From premature anesthesia-induced labor to material hypoxia, anesthesia can pose significant risks to pregnant patients [1]. Because no anesthetic agent avoids all risks, the best choice is to avoid surgery during pregnancy altogether when possible [1]. When surgery cannot be avoided, anesthesiologists must carefully consider factors such as the preoperative evaluation, technique, and fetal monitoring to avoid endangering the health of the patient and the fetus [1].
To craft the best anesthesia plan possible, preparation is key [2]. A preoperative evaluation should occur, and it should include standard medical tests and special counseling about the anesthetic risks of the surgery [2, 3]. During testing, special attention should be granted to the airway examination [2]. Unless special circumstances arise, surgery should be scheduled for the second trimester to avoid complications and preterm birth [4]. Depending on the results of preoperative tests, alongside other pertinent considerations, pre-treatment may be recommended [2]. Patients could benefit from consuming folic or folinic acid after the first trimester [1]. Additionally, sodium citrate and H2 blockers can also help decrease the risk of aspiration, especially if general anesthesia is planned [2, 3].
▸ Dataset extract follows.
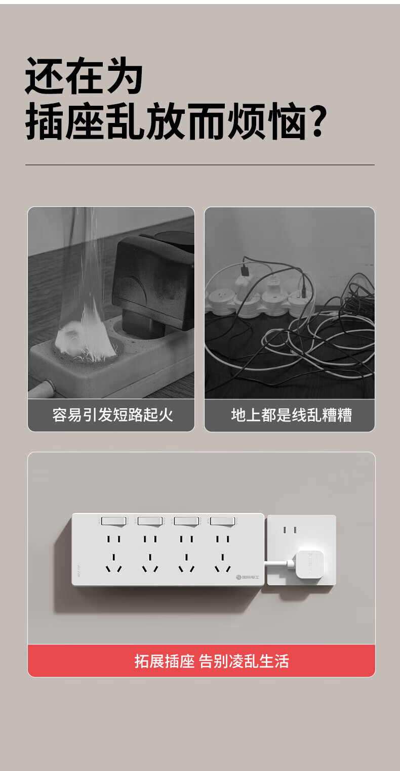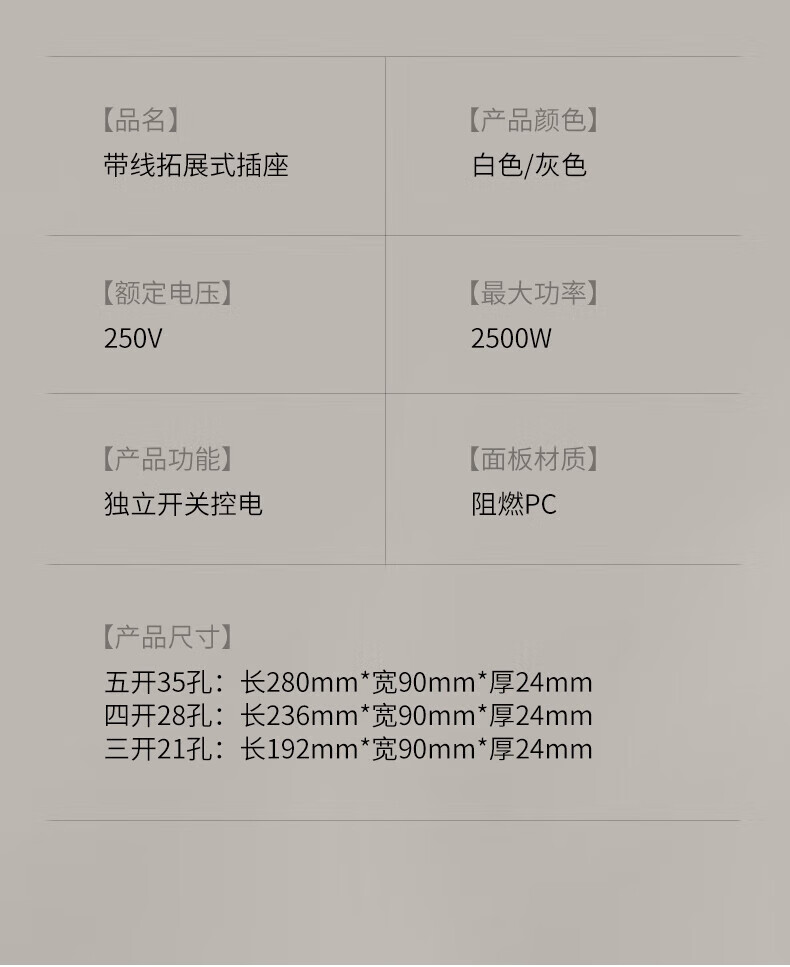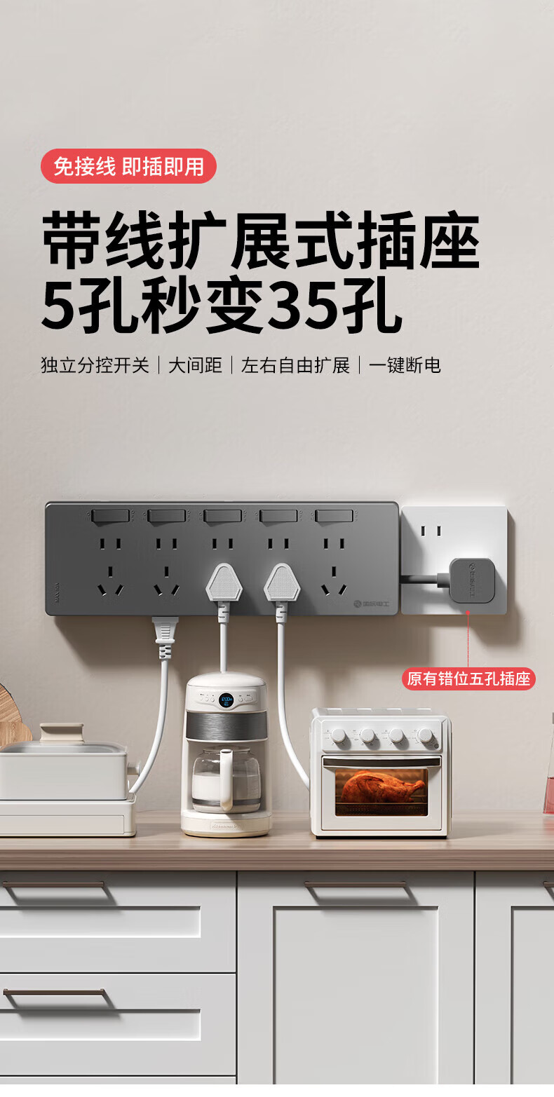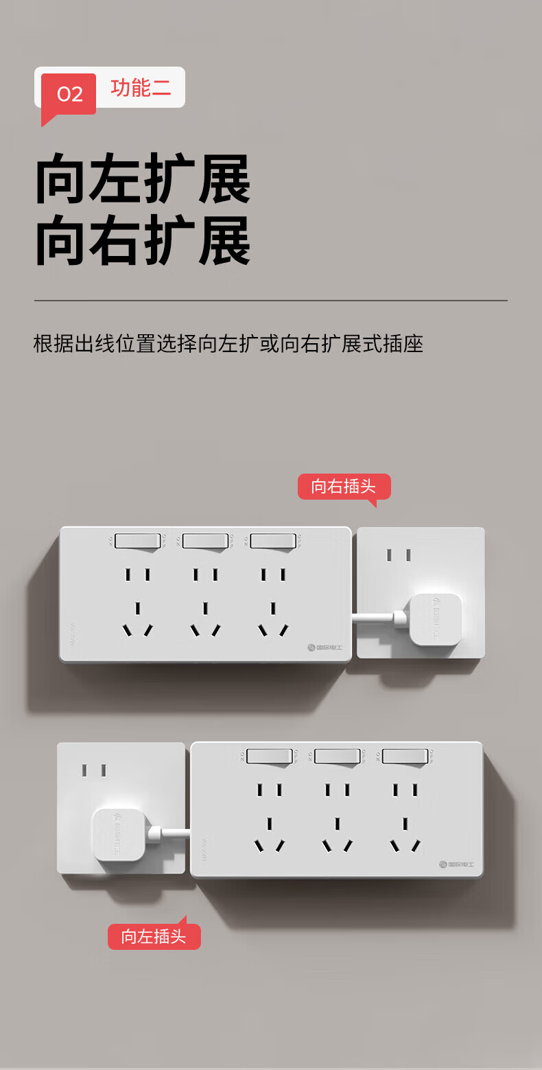 国际电工床头插座扩展转换器多功能客厅餐边柜扩展插头厨房短线插排插线板 向左扩展【三开21孔】白色短线

Teratogenesis is a prominent concern for anesthetists treating pregnant surgical patients [5]. Unfortunately, researchers have found that nearly every anesthetic drug on the market can have teratogenic effects on some animal species during gestation [5]. As a result, anesthetists tend to choose the anesthetic agent by referring to standard considerations, such as patient comorbidities and type of surgery [5].
Along with teratogenesis, general anesthesia can cause lower birth weight and neonatal depression [4, 5]. Therefore, anesthesia providers should choose regional anesthesia whenever possible [1, 6]. When picking between regional anesthesia techniques, medical teams must consider how some forms of regional anesthesia, such as brachial plexus and epidural block, typically yield high local anesthetic blood levels [1]. As a result, spinal anesthesia is preferable because it “offers the least drug transfer for the degree of anesthesia achieved” [1].
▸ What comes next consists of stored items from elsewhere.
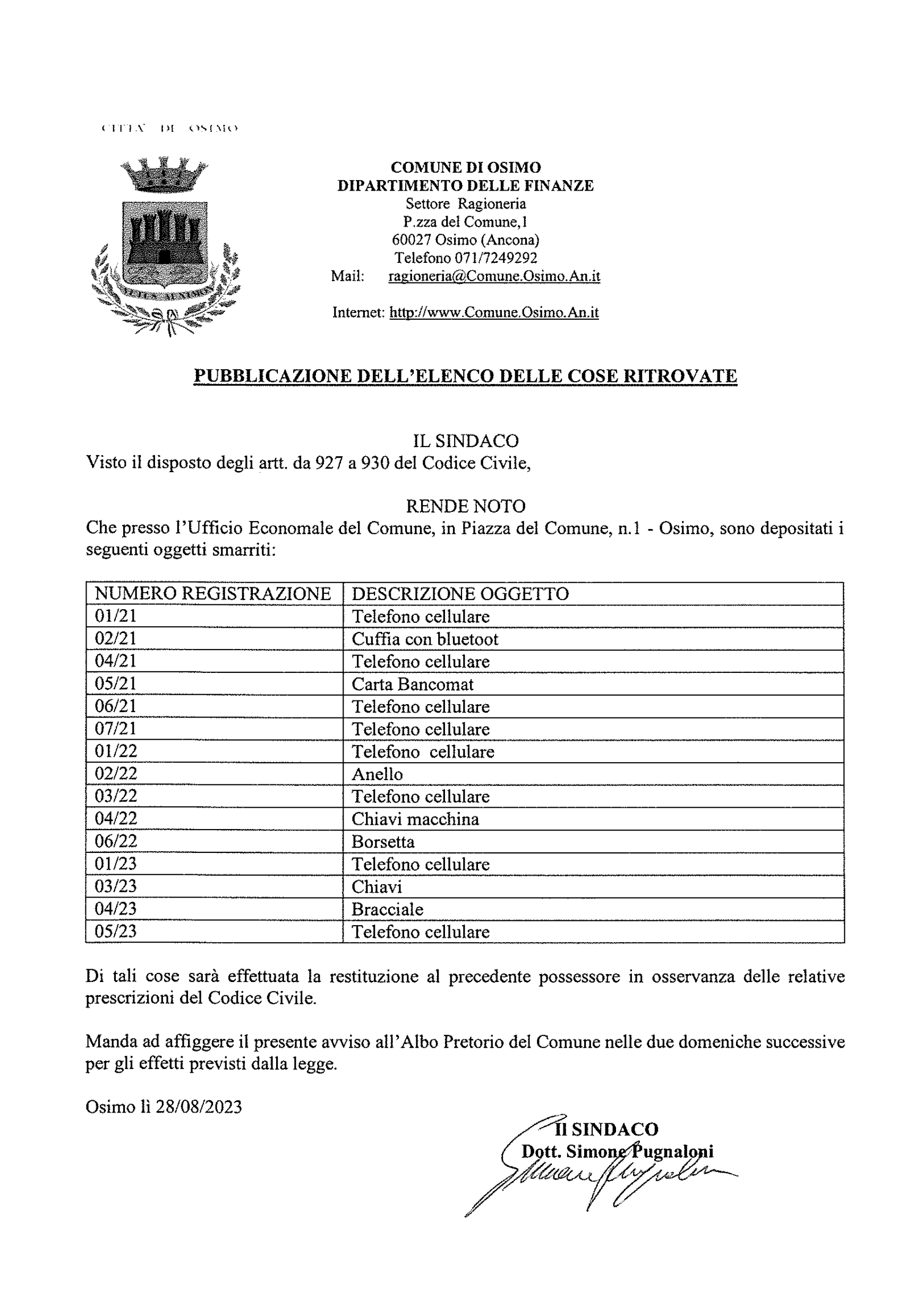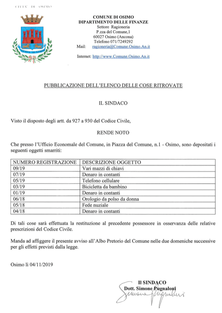 Gli oggetti rinvenuti o trovati per caso dai cittadini o dalle Forze dell’Ordine (Carabinieri, Polizia di Stato, Polizia Municipale) vengono registrati presso l’Ufficio Economato del Comune. L’elenco degli oggetti trovati, di cui non viene rintracciato il proprietario, viene pubblicato all’Albo Pretorio per due domeniche successive.
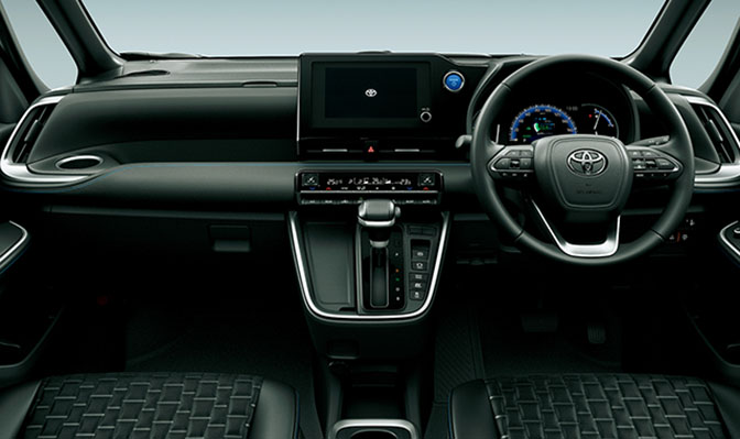 専用の大型フロントグリルや18インチアルミホイール(ガソリン車)、ブラック塗装された各パーツが、ヴォクシーらしいクールでアグレッシブなスタイルを強調。内装も合成皮革シートや本革巻きステアリングで上質感が高く、所有満足度を満たします。
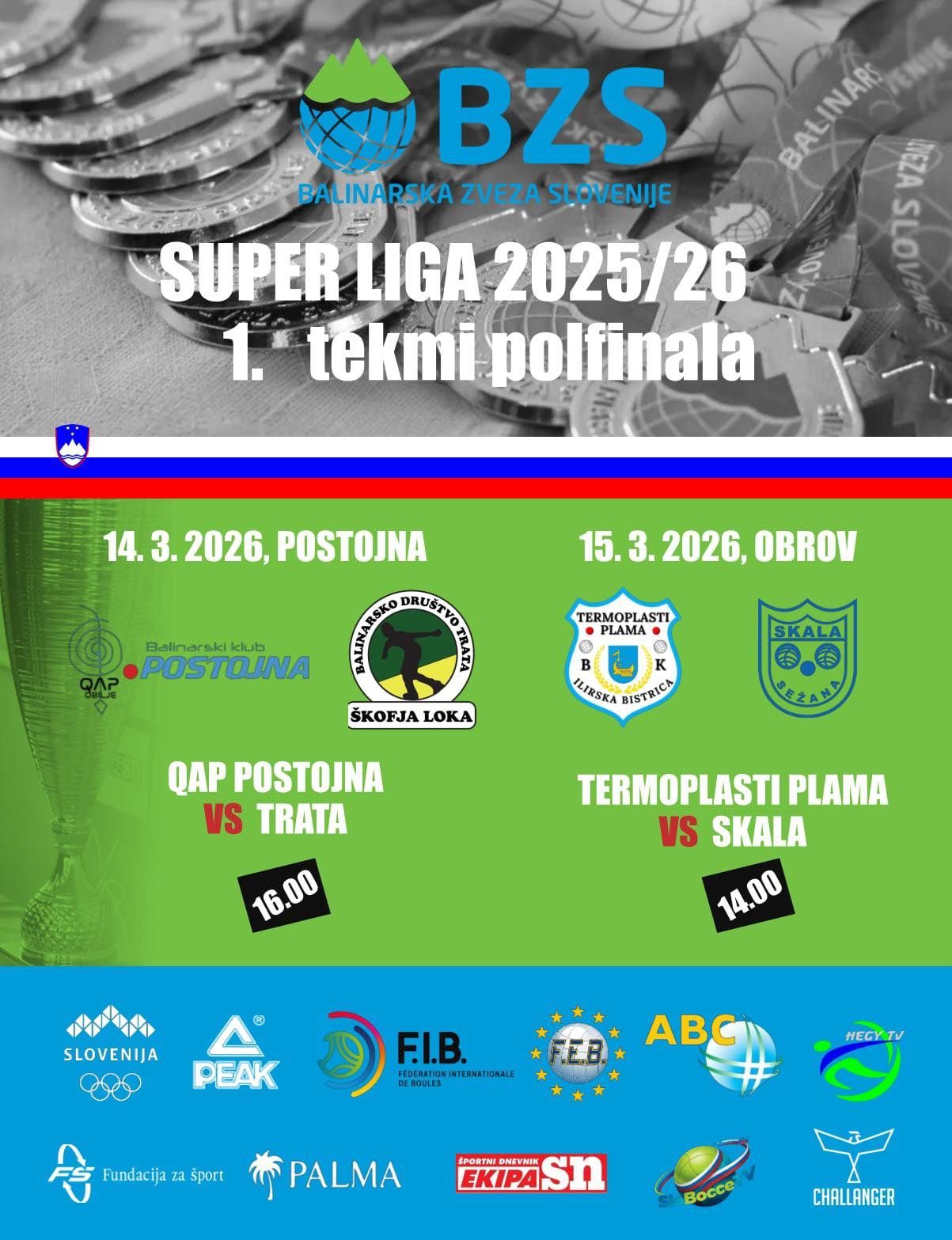 V zadnjem krogu rednega dela Super lige je padla odločitev o parih polfinala, ki se bo na dve dobljeni tekmi pričelo 14. marca, ter obstanku v elitni moški balinarski druščini, v katerem so krajšo potegnili Velenjčani. Razpored tekem in rezultate lahko najdete na spletni strani BZS pod zavihkom Tekmovanja/Državne lige 2025/26 in preko aplikacije Challanger ter teletekstu RTV Slovenija.

It is important to note that general anesthesia may be necessary in some cases [5]. Fortunately, it can be perfectly safe when performed by a skilled professional [5]. To minimize the risk of airway-related complications, physicians should only elect to have their patient wear a mask or laryngeal mask airway if they are certain that such devices can be used safely [6].
During surgery, the anesthesiologist should use standard anesthesia-induction and monitoring techniques [3]. Depending on the patient, fetal monitoring can also be helpful [6]. Medical practitioners should remember that loss of fetal heart rate variability is not necessarily a sign of fetal distress and that a slowed fetal heart rate can be caused by several factors, such as maternal respiratory acidosis or a decrease in temperature [6]. Regardless, medical teams should carefully monitor the effects of the anesthetic agents on the patient and fetus to avoid severe complications [6].
In conclusion, it is crucial to conduct preoperative evaluations, choose regional anesthesia whenever possible, and closely monitor the fetus and patient during surgery. When medical professionals carefully follow these steps, non-obstetric surgeries during pregnancy can be highly successful.
References
[1] K. Kuczkowski, “Nonobstetric Surgery During Pregnancy: What Are the Risks of Anesthesia?,” Obstetrical & Gynecological Survey, vol. 59, no. 1, p. 52-56, January 2004. [Online]. Available: https://doi.org/10.1097/01.OGX.0000103191.73078.5F.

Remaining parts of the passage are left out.